Water rights in general has been the topic of much debate at the state and local level in recent months, especially since TID staff first appeared at a City Council meeting in January requesting that the City postpone its decision to approve a water transfer agreement between the City and the Del Puerto Water District. The agreement would see a 13,000-acre foot annual transfer of Turlock’s tertiary treated recycled water under a five-year agreement to the district that serves approximately 45,000 acres between Vernalis and Santa Nella. Del Puerto is one of the smaller water districts within the drought-stricken valley depending on the State Water Project, which reported a zero percent allocation for its serviced communities this year.

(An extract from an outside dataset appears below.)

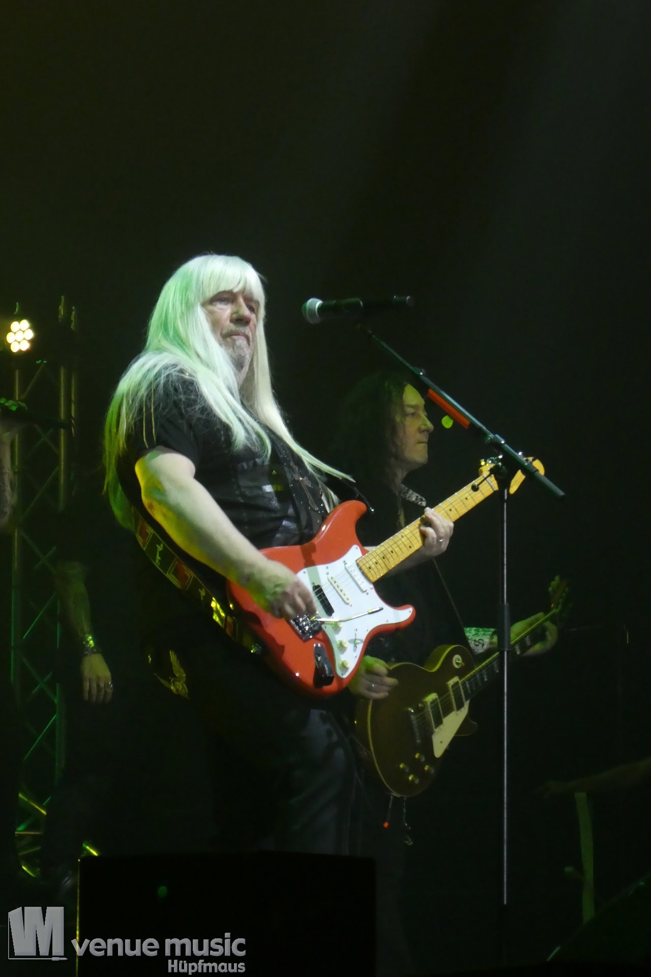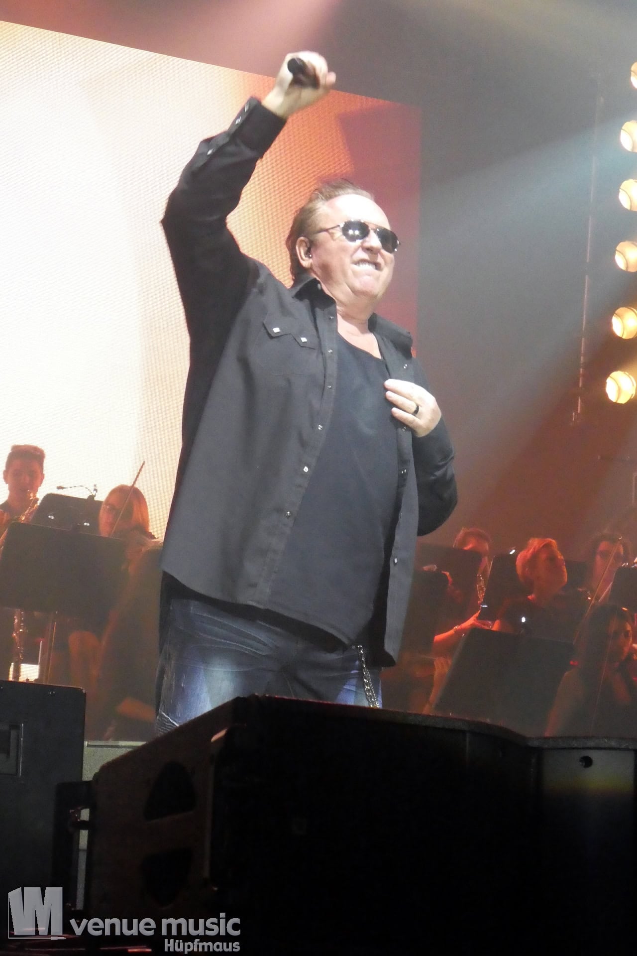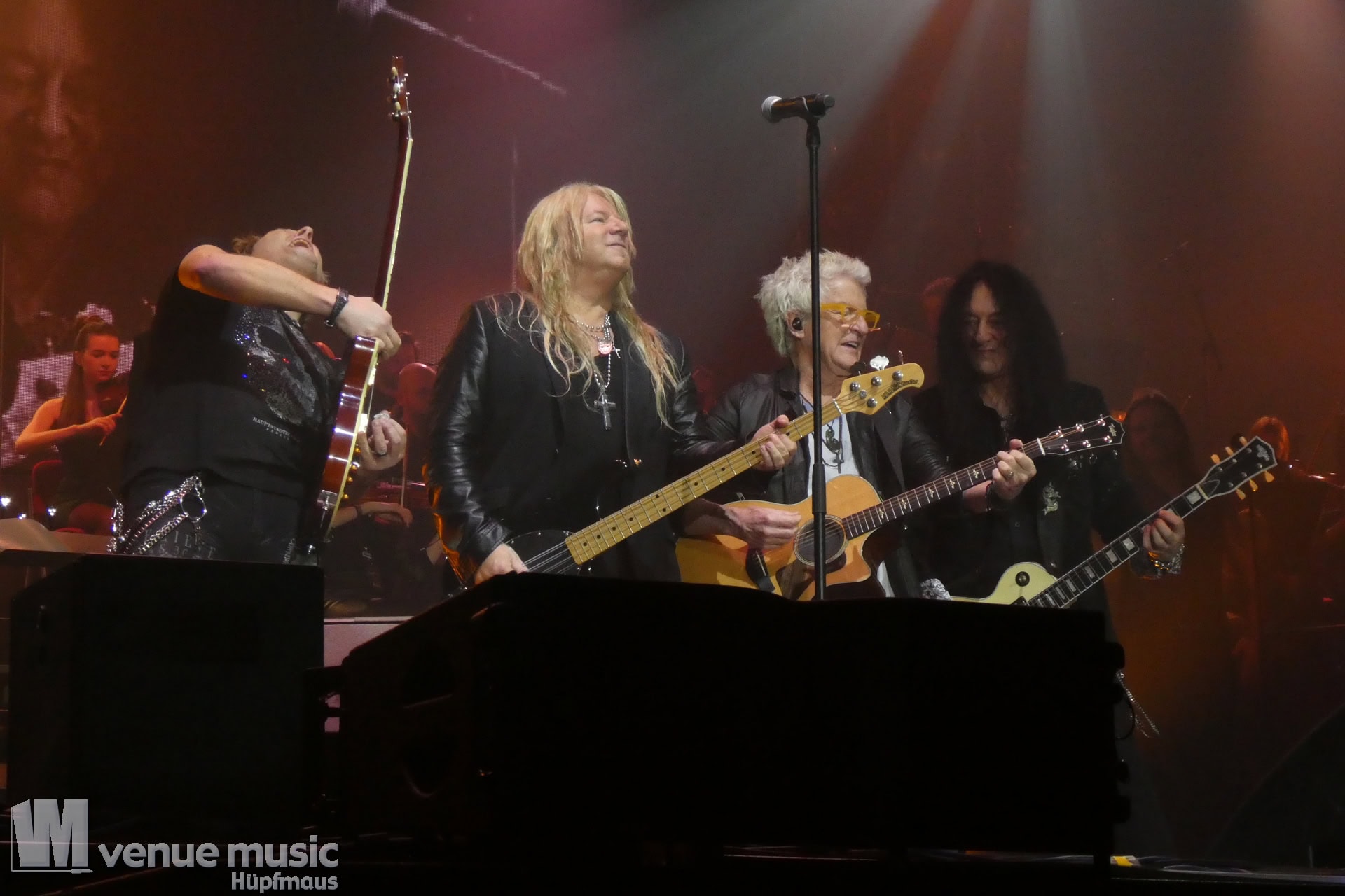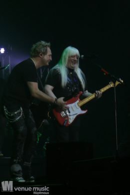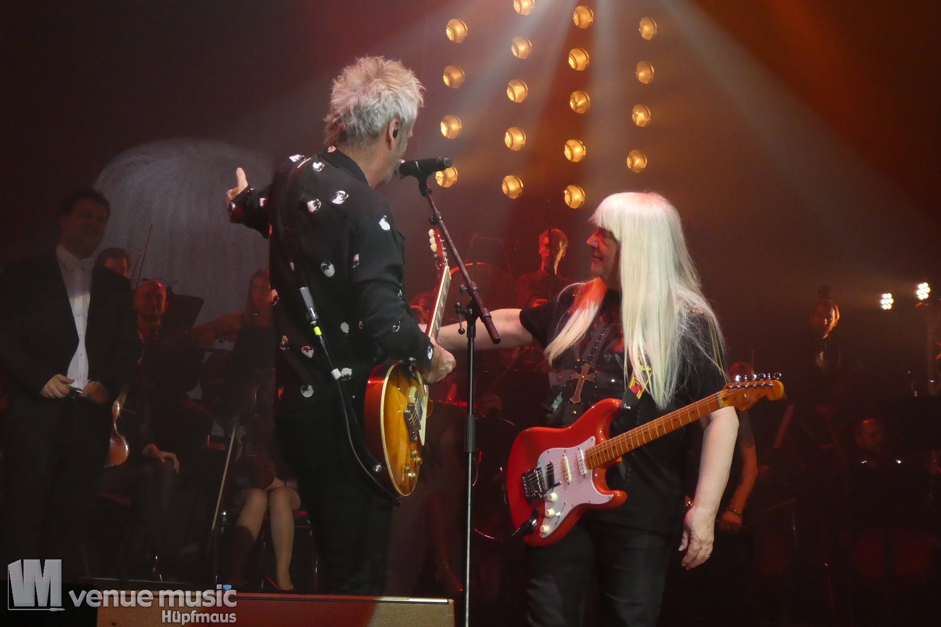 Die Tickets waren im regulären Vorverkauf nicht gerade günstig, aber für mich hatte sich jeder Cent gelohnt. Auch wenn ich nicht mal wusste bzw. genau nachgeschaut hatte, welche Musiker dieses Mal dabei sein würden. Denn es war mir klar: es wird in jedem Fall grandios. Und so war es dann auch. Der Sound war super und auf der Bühne war alles ein großartiges Miteinander. Eröffnet haben Mat Sinner und seine Band inkl. Chor und Orchester mit „Here I Go Again“ und „Rock You Like a Hurricane“, danach wurde mit den jeweiligen Gästen performt. Songs wie „Turn Me Loose“, „Keep the Fire Burnin'“, „The Ballroom Blitz“ oder „The Boys Are Back in Town“ konnten die Fans dabei begeistern. Zu „Whiskey in the Jar“ gab es dann stilecht auch Whiskey auf der Bühne und ein Geburtstag wurde auch noch gefeiert. Für viele war der Abschluß des Konzerts mit Ian Gillan natürlich der sehnsüchtig erwartete Showdown. „Smoke on the Water“ war da auf jeden Fall Pflicht.

In June, the City Council decided to move forward with the next stage of the North Valley Regional Recycled Water Project, the roughly $100 million project that will help provide a reliable water supply to Del Puerto Water District through the Harding Drain Bypass to the Delta-Mendota Canal.

The Board of Directors’ tour of the City’s Water Quality Control Facility was precipitated by the Directors’ unanimous decision on Tuesday to approve a resolution that proposes curtailing the amount of water it transfers from the Tuolumne River to the Stanislaus Regional Water Authority, which is comprised of the cities of Turlock, Ceres and Modesto, based on the District's overall water year. TID's resolution calls on the SRWA to find other sources for water during dry years.

TID has since recommended that the City, one of several cities in the Stanislaus Regional Water Authority, use recycled water — the same water promised to Del Puerto — to offset the reduction from the Tuolumne River in dry years.That water, however, has "already been spoken for," in the words of Del Puerto Water District General Manager Anthea Hansen.

At Tuesday's meeting, Turlock Municipal Services Director Michael Cooke explained to the TID Board why the Del Puerto water deal was the only viable option the City had to meet state water board loan agreements that have a January 2015 deadline.

"You've contended that more recycled water should be used in the [Turlock] basin, I understand this situation, but it fails to take into account current realities, specifically the terms of the City's permit ...to operate the wastewater treatment plant and the terms of our loan agreement with the state water board that we used funding to construct the Harding Drain Bypass project," Cooke said.

According to Cooke, the City has not entered into a formal commitment with the Del Puerto Water District just yet but having worked with the District for the past four years, at this point the City is in a “good faith agreement.”

The Directors’ tour of the City’s waste water treatment facility is one way that the Board is demonstrating an interest in finding resourceful ways to mitigate damage caused by the drought in the past year as well as plan for the future.

“On Tuesday TID said that in return for providing water to us, they would require that in dry years the City offset water use for farmers by providing additional water supplies to ‘make them whole’. They have expressed an interest in recycled water,” said Cooke.

According to Assistant General Manager of Water Resources Tou Her, the tour of the City’s facility allowed the directors’ a further in depth look at the increasingly priceless commodity: water.    

 “Our desire is to utilize all water resources as responsibly as possible for future use, whether that is surface, ground, or recycled water. TID has a desire and efforts to look at all of the different ways to provide sustainable water and it is certainly beneficial for us to understand this process of how sewer water becomes recycled water,” said Her.

TID’s desire to utilize water resources is not unique in that cities, agencies, farmers, and politicians across the state are fighting to determine to whom water belongs. However, according to the City’s waste water treatment plant Senior Operator John Bettencourt, the main objective is to keep the water flowing.

“Everyone wants our water. It’s a huge issue especially since the drought. Farmers want it, TID wants to call it their water, there are a lot of politics,” said Bettencourt. “They can fight over it but as long as we’re making clean, effluent water at the end of the day we’re good.”